● TASK REQUIREMENTS: Please retype the material beneath this task exactly, starting with its first line and finishing with the line containing "1933 | Embossed".

☆ ☆ ☆ ☆

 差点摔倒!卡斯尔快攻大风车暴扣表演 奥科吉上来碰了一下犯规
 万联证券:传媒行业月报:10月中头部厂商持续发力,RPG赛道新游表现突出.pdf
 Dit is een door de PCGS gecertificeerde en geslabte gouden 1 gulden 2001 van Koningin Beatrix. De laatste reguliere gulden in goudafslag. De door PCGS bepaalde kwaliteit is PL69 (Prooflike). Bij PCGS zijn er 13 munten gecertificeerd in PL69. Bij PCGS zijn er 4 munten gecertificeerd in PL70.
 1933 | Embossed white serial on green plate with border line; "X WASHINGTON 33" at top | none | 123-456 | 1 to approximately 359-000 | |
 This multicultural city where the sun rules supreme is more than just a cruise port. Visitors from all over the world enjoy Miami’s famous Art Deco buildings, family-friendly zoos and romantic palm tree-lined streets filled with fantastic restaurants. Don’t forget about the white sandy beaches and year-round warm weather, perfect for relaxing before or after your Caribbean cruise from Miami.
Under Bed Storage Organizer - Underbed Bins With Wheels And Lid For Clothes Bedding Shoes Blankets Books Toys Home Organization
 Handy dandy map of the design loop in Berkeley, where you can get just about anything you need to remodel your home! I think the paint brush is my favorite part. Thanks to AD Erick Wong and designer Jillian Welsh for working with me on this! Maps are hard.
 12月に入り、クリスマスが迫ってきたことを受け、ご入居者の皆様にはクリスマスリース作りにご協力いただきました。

☆ ☆ ☆ ☆

● RESPONSE TO THE TASK:
 差点摔倒!卡斯尔快攻大风车暴扣表演 奥科吉上来碰了一下犯规
 万联证券:传媒行业月报:10月中头部厂商持续发力,RPG赛道新游表现突出.pdf
 Dit is een door de PCGS gecertificeerde en geslabte gouden 1 gulden 2001 van Koningin Beatrix. De laatste reguliere gulden in goudafslag. De door PCGS bepaalde kwaliteit is PL69 (Prooflike). Bij PCGS zijn er 13 munten gecertificeerd in PL69. Bij PCGS zijn er 4 munten gecertificeerd in PL70.
 1933 | Embossed white serial on green plate with border line; "X WASHINGTON 33" at top | none | 123-456 | 1 to approximately 359-000 | |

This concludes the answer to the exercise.